# [email protected]$# tight pants.



## Guest (Oct 16, 2007)

Tight pants sucks ass! I buy blokie trews specifically so my pants are super baggy! I find it much more comfortable to shred with baggier pants on.


----------



## Guest (Oct 16, 2007)

i buy ski pants that are tight......so i dont look steezy. but im still easy and sleazy. sneazy too.


----------



## Guest (Oct 16, 2007)

wclumberjack said:


> i buy ski pants that are tight......so i dont look steezy. but im still easy and sleazy. sneazy too.


I'm usually just Dopey and Grumpy. Especially if my pants are too tight.


----------



## Guest (Oct 16, 2007)

PowderKeg said:


> I'm usually just Dopey and Grumpy. Especially if my pants are too tight.


be carefull your pants aren't too tight or you might turn into snow white


----------



## PaoloSmythe (Aug 19, 2007)

its not good to be sneezy in tight trews;

you might tear something


----------



## Guest (Oct 16, 2007)

Hahahahahaha Ur Alll Maaaaaaaaaaaaaaaaaaaaaaaaaaaaaaaaaaaaaaaaaad


Ahahahahahahahahahahahahahahahahahahahahahahahahahahahahahahahahahahahahahahahahahahahahahahahahahahahahahahahahahahahahahahahahahahahahahahahahahahahahahahahahahahahahahahahahahahahahahahahahahahahahahahahaha


----------



## Dcp584 (Sep 10, 2007)

Talk to LNP. Thats all that dude wears tight jeans and shit and he is plenty steezy. Personally I like a sag in my slacks but I don't like them hangin off my ass.


----------



## Guest (Oct 16, 2007)

drooooopy drawers *RULE!*


----------



## killclimbz (Aug 10, 2007)

Come one "hog knuckle" pants rule! 

Does my ass look big in these???

*ok, while I am pretty lax on the cuss words the title is going to be edited.*


----------



## Guest (Oct 16, 2007)

haha thats ok. these replies are hilarious.


----------



## boarderaholic (Aug 13, 2007)

Haha! Yeah...my 686 pants from last year were form fitting, got new pants this year, and man, they are HUGE.


----------



## Guest (Oct 16, 2007)

goooooooo camel toe ...... hahahhahaha


----------



## boarderaholic (Aug 13, 2007)

Coin slut ftw!


----------



## Guest (Oct 16, 2007)

TIGHT!​


----------



## boarderaholic (Aug 13, 2007)

I hope that's you...


----------



## Dcp584 (Sep 10, 2007)

Kieran said:


> TIGHT!​


na na na na na na na na na na na na na na na BATMAN........ If that is you please send pictures of you riding in that I think I might pee my pants.


----------



## Guest (Oct 16, 2007)

Nothing gives me more satisfaction than a great pair of tight blue jeans and no underwear...Especially on the hill!


----------



## killclimbz (Aug 10, 2007)

I've heard of women riding on the hill with their g-string on backwards. They seem to think that brings great satisfaction...


----------



## T.J. (Aug 28, 2007)

killclimbz said:


> I've heard of women riding on the hill with their g-string on backwards. They seem to think that brings great satisfaction...
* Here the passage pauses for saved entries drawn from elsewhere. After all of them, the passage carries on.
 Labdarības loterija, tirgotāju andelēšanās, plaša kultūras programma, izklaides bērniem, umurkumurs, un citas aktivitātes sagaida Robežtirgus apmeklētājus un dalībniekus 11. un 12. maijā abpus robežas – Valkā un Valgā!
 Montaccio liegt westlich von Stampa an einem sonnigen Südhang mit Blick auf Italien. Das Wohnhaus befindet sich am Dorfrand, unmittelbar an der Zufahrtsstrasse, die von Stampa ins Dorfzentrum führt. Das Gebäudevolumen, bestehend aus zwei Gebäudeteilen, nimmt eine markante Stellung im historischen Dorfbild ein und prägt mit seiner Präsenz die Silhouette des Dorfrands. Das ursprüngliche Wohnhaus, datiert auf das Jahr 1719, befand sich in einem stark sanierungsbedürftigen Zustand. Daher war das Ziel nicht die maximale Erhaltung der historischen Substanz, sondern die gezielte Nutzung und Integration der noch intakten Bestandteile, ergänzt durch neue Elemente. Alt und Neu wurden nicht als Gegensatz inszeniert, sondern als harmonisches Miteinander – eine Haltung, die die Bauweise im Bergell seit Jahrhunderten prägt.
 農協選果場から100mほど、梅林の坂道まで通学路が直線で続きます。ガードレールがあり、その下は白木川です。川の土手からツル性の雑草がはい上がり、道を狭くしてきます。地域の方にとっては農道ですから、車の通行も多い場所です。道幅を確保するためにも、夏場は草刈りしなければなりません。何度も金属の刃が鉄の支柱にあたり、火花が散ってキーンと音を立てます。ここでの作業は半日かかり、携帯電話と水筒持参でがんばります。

i LOVE when you catch a bunny wearing nuthing but a g-string under her snowpants..Mm Mm good!


----------



## boarderaholic (Aug 13, 2007)

Tight pants? Mmmmm wedgies!


----------



## lisevolution (Sep 20, 2007)

T.J. said:


> i LOVE when you catch a bunny wearing nuthing but a g-string under her snowpants..Mm Mm good!


Completely agree with this statement :thumbsup:


----------



## Dcp584 (Sep 10, 2007)

killclimbz said:


> I've heard of women riding on the hill with their g-string on backwards. They seem to think that brings great satisfaction...
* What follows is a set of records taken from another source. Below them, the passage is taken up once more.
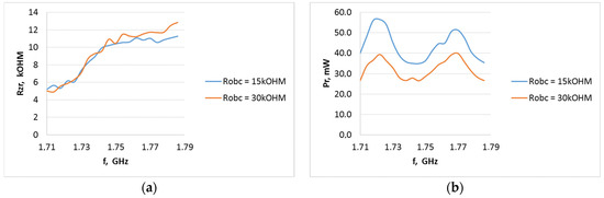 Internal resistance of the P21XXCSR harvester system as a function of frequency from 1.710 to 1.785 GHz 1800GSM uplink at different field strength levels for an A5 type antenna when the system output is loaded with resistance: (a) 15 kΩ, (b) 30 kΩ.
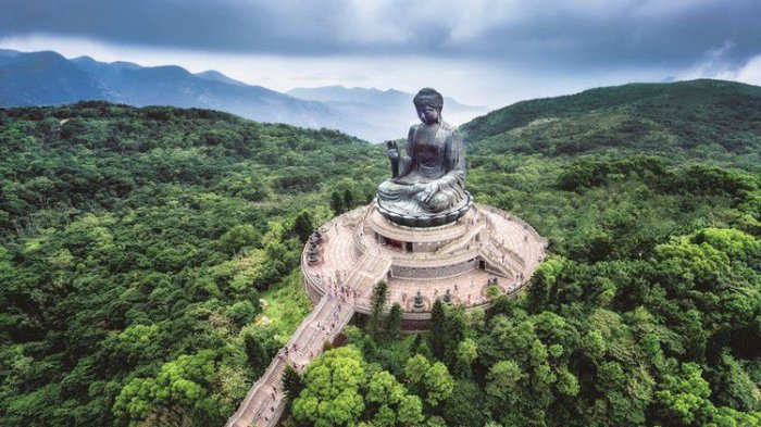 Ada patung Buddha raksasa yang terkenal di Ngong Ping.
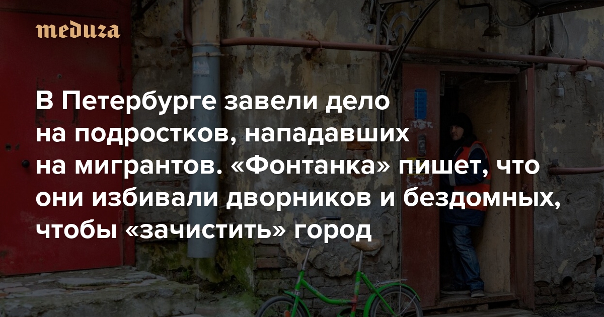 В Петербурге завели дело на подростков, нападавших на мигрантов. «Фонтанка» пишет, что они избивали дворников и бездомных, чтобы «зачистить» город
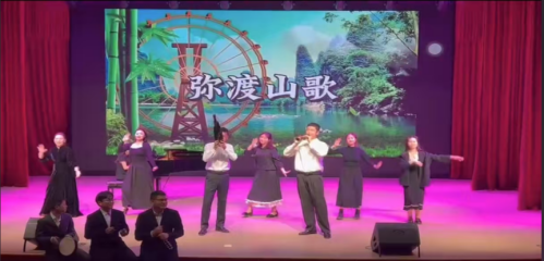 《弥渡山歌》呈现的是主创人员融合歌舞表演唱和器乐演奏的改编创意,其中加入唢呐、笙和三种奥尔夫乐器,综合了多种音乐类学科的视角,对民俗文化的表现形式进行了重构;

WOW!!! Thats is an interesting concept right there. I could take this to a bad place so fast but I won't. And how did we get from tight snow pants to backward G-strings which are over rated, because tight boy shorts are hotter. But that is neither hear nor there.


----------



## Guest (Oct 16, 2007)

*gstring?*

i dont know if i ever find gstrings _that_ hot, OR COMFORTABLE, but i rock the Ride pants with just the thong underneath.... and "hell no" i am NOT a bunny  ha!


----------



## PaoloSmythe (Aug 19, 2007)

I lurve my g-string!

its made with wire


----------